If you have chronic or severe constipation that does not improve with these home remedies, you should see your doctor for further evaluation and treatment.
Constipation can sometimes be a sign of an underlying condition such as hypothyroidism, diabetes or irritable bowel syndrome.
Your doctor can diagnose the cause of your constipation and prescribe the appropriate medication or therapy.
FAQs
How do I know if I have constipation?
Constipation is defined as having fewer than three bowel movements per week, or having hard, dry and difficult-to-pass stools. You may also experience symptoms such as abdominal pain, bloating, gas or straining.
What are the causes of constipation?
Constipation can have many causes, such as low fluid intake, low fiber intake, lack of exercise, stress, medication side effects, pregnancy, aging or medical conditions.
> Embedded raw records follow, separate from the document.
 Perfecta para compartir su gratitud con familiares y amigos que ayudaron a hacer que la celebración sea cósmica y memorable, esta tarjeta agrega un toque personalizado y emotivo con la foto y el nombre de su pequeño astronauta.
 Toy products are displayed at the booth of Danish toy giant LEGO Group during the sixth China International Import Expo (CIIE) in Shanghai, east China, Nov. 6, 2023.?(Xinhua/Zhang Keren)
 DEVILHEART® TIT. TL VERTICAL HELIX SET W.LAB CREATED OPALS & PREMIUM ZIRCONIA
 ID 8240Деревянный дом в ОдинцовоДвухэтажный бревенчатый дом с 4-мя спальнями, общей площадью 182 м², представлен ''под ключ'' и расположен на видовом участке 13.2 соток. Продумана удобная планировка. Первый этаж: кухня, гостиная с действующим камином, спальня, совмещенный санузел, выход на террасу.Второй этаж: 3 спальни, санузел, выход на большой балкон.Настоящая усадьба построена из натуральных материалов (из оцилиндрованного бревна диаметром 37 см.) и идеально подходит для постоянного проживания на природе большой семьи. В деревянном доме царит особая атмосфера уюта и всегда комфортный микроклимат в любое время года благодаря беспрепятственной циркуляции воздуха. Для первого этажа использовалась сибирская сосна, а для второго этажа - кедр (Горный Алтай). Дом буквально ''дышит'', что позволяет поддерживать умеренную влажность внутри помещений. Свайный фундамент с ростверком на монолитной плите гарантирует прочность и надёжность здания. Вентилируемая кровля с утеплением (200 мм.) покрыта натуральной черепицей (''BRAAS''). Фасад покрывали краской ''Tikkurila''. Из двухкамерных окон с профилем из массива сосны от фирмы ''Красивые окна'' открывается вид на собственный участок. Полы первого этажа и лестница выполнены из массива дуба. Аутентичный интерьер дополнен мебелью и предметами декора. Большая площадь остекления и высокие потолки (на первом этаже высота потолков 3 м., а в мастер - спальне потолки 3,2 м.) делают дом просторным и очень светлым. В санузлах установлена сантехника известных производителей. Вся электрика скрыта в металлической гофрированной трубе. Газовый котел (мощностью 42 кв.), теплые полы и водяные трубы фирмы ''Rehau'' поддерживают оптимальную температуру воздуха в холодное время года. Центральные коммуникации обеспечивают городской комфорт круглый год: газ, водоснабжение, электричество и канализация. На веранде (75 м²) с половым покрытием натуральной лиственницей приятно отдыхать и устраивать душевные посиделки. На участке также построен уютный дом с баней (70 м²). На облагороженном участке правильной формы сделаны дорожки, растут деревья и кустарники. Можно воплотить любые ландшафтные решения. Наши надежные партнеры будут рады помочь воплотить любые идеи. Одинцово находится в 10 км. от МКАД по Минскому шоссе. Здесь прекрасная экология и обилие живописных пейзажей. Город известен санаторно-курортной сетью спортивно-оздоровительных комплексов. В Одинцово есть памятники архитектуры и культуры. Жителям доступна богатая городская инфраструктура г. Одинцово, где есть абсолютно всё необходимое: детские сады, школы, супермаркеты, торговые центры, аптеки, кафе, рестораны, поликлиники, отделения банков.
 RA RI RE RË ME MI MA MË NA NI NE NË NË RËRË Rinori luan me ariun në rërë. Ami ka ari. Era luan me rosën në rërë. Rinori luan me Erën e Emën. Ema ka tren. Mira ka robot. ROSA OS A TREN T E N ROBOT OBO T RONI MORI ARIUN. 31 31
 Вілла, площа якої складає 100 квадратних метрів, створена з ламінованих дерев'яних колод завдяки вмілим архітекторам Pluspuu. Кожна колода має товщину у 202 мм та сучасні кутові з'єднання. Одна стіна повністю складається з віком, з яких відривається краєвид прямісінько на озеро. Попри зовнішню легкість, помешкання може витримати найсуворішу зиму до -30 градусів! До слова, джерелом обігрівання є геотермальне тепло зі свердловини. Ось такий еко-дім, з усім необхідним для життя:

How can I prevent constipation?
You can prevent constipation by following a healthy lifestyle that includes drinking enough water, eating enough fiber, exercising regularly, managing stress and avoiding foods or drugs that can cause constipation. You should also listen to your body and go to the bathroom when you feel the urge, and not hold it in.
When should I see a doctor for constipation?
You should see a doctor for constipation if you have any of the following signs or symptoms:
- You have no bowel movements for more than three days
- You have severe pain or bleeding in your rectum or abdomen
- You have nausea, vomiting or fever
- You have unintentional weight loss or anemia
- You have a history of colon cancer or inflammatory bowel disease
- You have tried home remedies for constipation but they did not work
Your doctor can help you find the cause of your constipation and prescribe the appropriate treatment.